Fortune has an extensive piece on Bernard Madoff’s well-publicized $65 billion fraud. Entitled How Bernie Did It, they uncover various aspects of the plot to bilk investors out of billions. It’s worth the read, but I understand the time commitment of scanning an 11,000 word essay. I’m summarizing the basics – in hopes you’ll never be caught in such a swindle.
According to the article…
Bernard Madoff was a family man. He married his high school sweetheart, Ruth, who by all accounts is gracious and lively. They had two sons who followed him into the family business. In 2006, Madoff’s nephew, Roger Madoff, died from leukemia complications. He donated millions to cancer research because of family ties.
In addition to his massive fraud, Bernard Madoff ran a legitimate investment business. The “real” business centered on market making. Madoff’s traders earned pennies on each trade – but made a lot of trades. For a variety of reasons the market-making business ceased being profitable in the last few years, thus requiring a $250 million cash infusion from Madoff’s other “business”.
Bernard Madoff ran his $65 billion Ponzi scheme from the 17th floor in the Lipstick Building, New York. Investors received statements showing consistent double digit returns. Even last October, the fund was supposedly up +4.5%. He used an IBM server that dated from the 1980s to process “transactions.” Emails were eventually banned at the unregulated firm, although not at the legitimate firm.

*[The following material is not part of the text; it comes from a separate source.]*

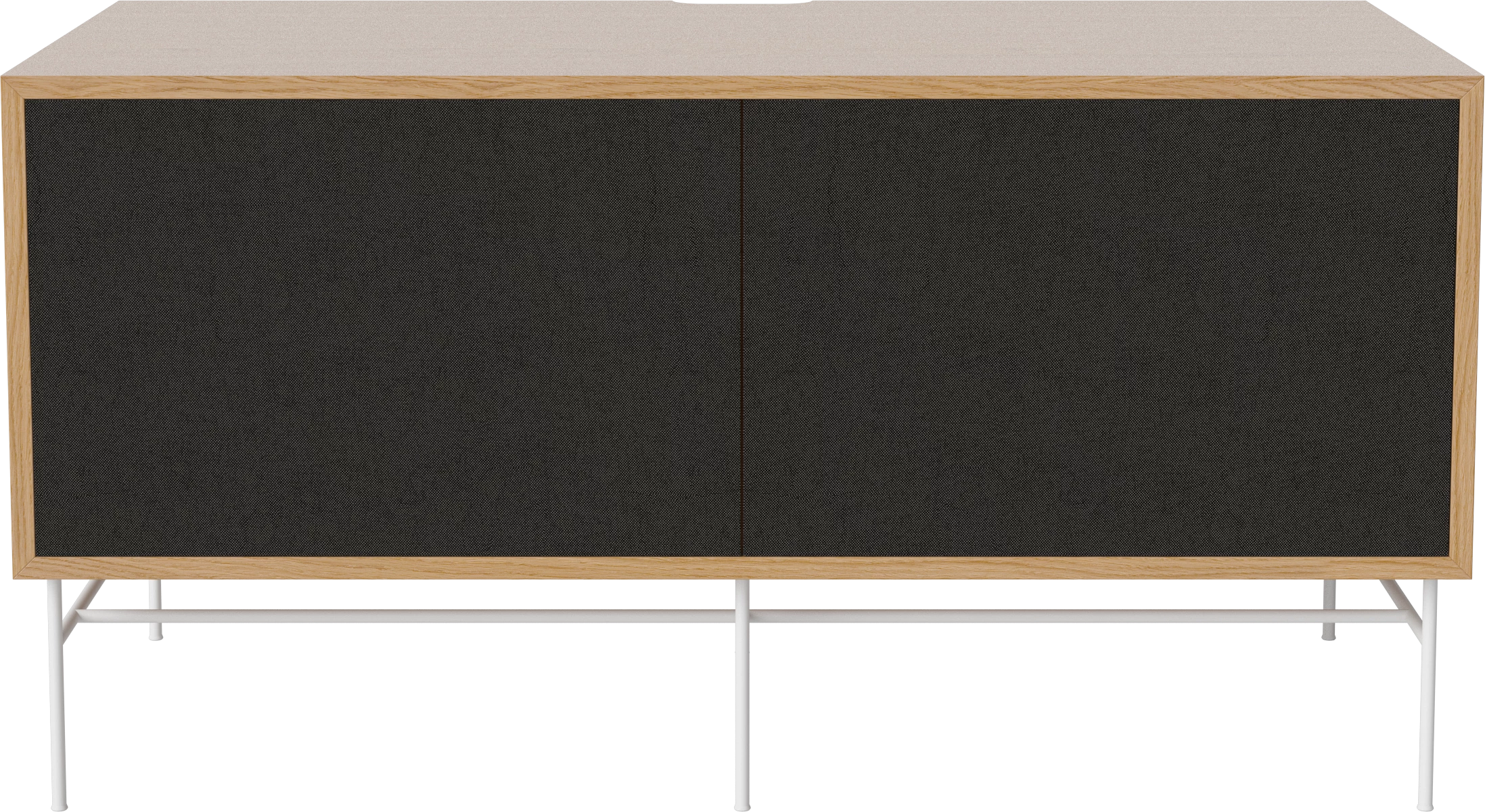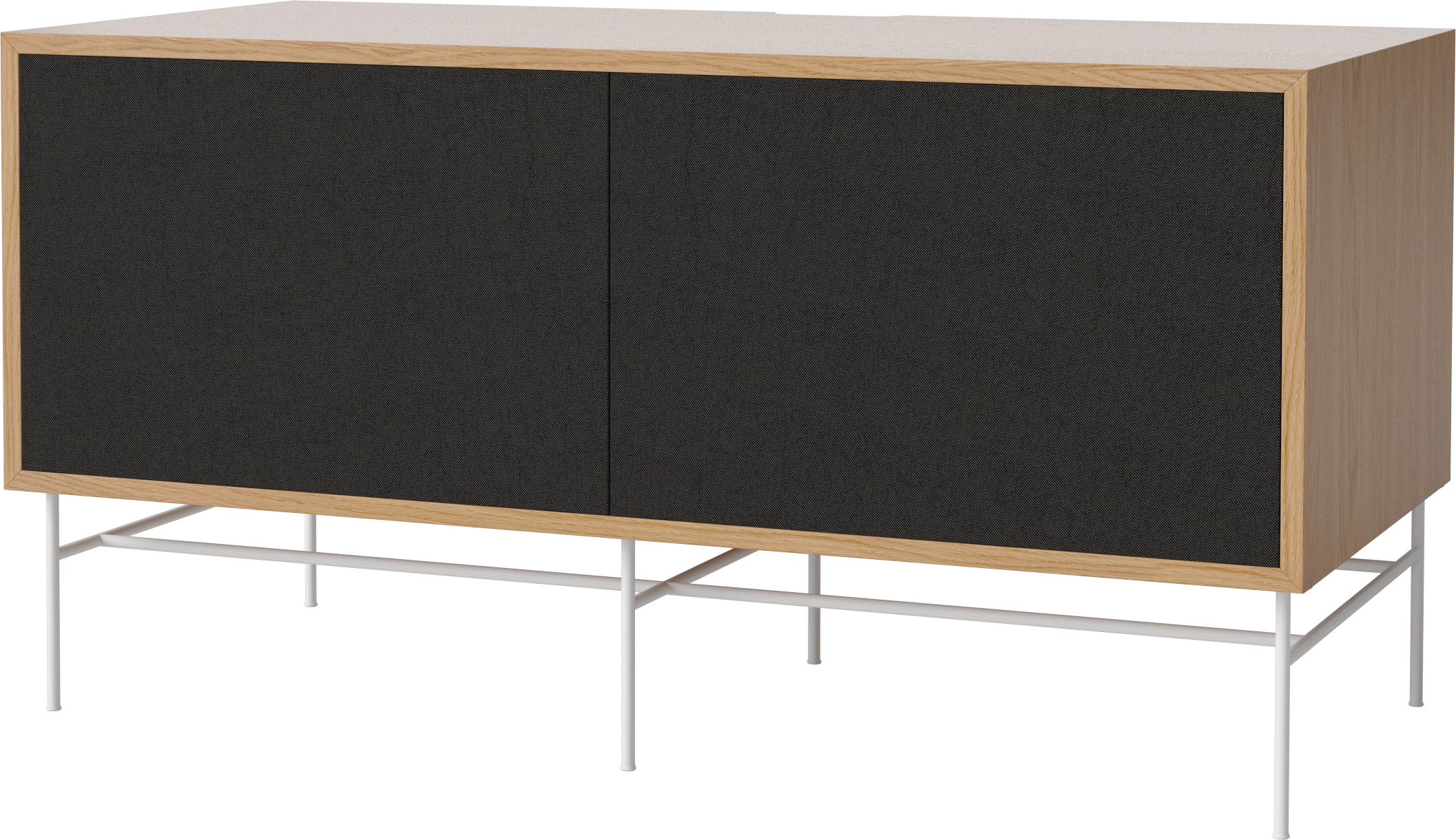 dąb naturalny olejowany, biała podstawa, czarne fronty z tkaniny

Bernard Madoff had a couple of close calls before finally confessing his crimes. In 1992, one of his feeder funds ran into some trouble with the SEC. He skirted the issue by producing $441 million at the SEC’s request. In 2006, he ran into another problem with the SEC. After instructing some business partners to shade the truth, then by personally lying to investigators, he averted disaster.
Bernard Madoff was the consummate con-man. From convincing investors to sign over their life savings to lying to Congress about his involvement in establishing the NASDAQ, Madoff could talk the millions out of the best of them. He added to the mystique by making his hedge fund a “private club.” Members could sign up only if they knew someone already inside.
It appears so far that Bernard Madoff’s family was not involved in the ruse. Both his sons and his business partner/brother Peter Madoff were supposedly not involved in the scheme. One person with intimate knowledge of the events, Frank DiPascali, was Bernie Madoff’s right-hand man. DiPascali is in talks with prosecutors right now and is reportedly willing to name names. Time will tell if the family gets tied to the scheme.
There was never $65 billion; investigators estimate Madoff collected $20 billion of original investments. The larger number was inflated during the scheme and was a figment of Madoff’s imagination – and unfortunately, his investors.